Batı da krize girdi şu anda. Orada da dayanabileceğin çok fazla şey kalmadı. Sana öğrettikleri, iki Mustafa üzerine kurulu, vatan, millet ve din üzerine kurulu eğitimin dışına çıkıp da dışarıdan bakmana izin verecek olan referans çerçevesi de kırılmış. Oradan da güç alamıyorsun. Peki, ne yapacak bu insanlar? Nasıl bir çıkış yolu bulacaklar? Ne bekliyorsunuz insanlardan?
Şunu söyleyeyim müsaadenizle. Kamu söyleminin alanı olmayan konularda, okullarda öğretilmeyen konularda, Türkiye halkı bayağı sağlıklı bir halktır.
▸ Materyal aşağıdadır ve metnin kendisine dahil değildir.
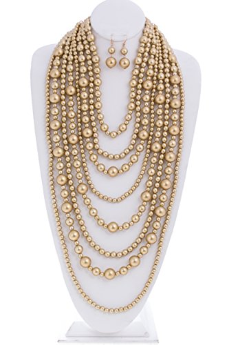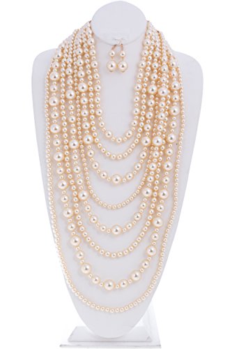 Necklace features eight layers of simulated pearls strands attached to a chain. It also has a lobster clasp closure and adjustable chain. Drop earrings feature two pearls and french wire hook.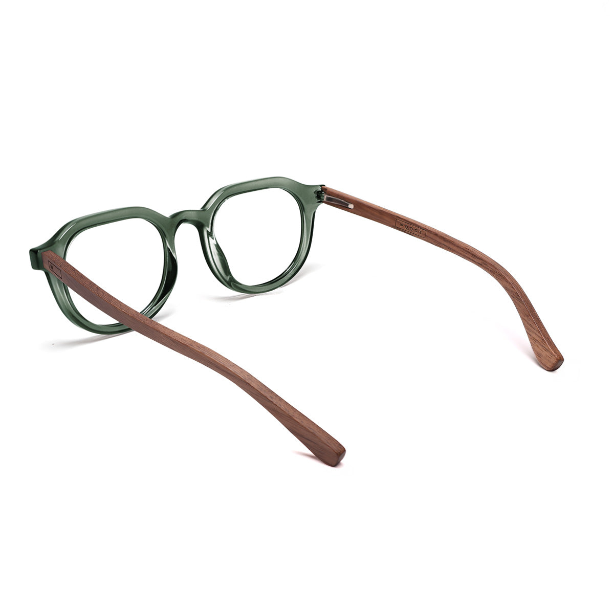 Material: Frente de Bio acetato italiano M49 da Mazzucchelli, de origem vegetal renovável, livre de derivados petroquímicos. Hastes em madeira Walnut de reflorestamento.

Resmi, politik, ideolojik ve dini konulara girmediğin sürece, mahalle düzeyinde, arkadaşlık düzeyinde, çay içme düzeyinde kaldığın sürece gayet aklı başında, gayet sağlıklı düşünebilen, sağduyudan uzaklaşmayan, temel insani değerlerden çok fazla uzaklaşmayan büyük bir halk kitlesi var ülkede. İnanın bana Amerika’dan daha fazla var bunlar. Buna karşılık yüksek kültürün konusu olan konular, kamu diliyle konuşabildiğin konular, ülke nasıl yönetilmeli, düşmanlarımız kim, kime savaş açmalıyız, tarihimizde neler oldu, büyük kahramanlarımız kimler, dinimiz bize ne öğretiyor — bu konularda sana okulda yedirdikleri bokla sınırlısın. Sana ana okulundan itibaren bok yedirmişler. Ne yapacaksın ki? Damarlarında bok dolaşıyor. Bundan dolayı insanları suçlayamazsın. Bundan dolayı ancak o boku üretip dayatanları suçlayabilirsin.
Bunu idrak ettiğiniz zaman, o zaman işe yarar bir şey konuşmuş olursunuz. Hem Türkiye’de demokratik zihniyet yokluğundan yakınıp hem de köyde kızlarımız okula gitti diye sevindirik olmak, yahut öğretmenler günü kutlamak gibi saçmalıklardan nefsinizi koruma imkanı bulursunuz.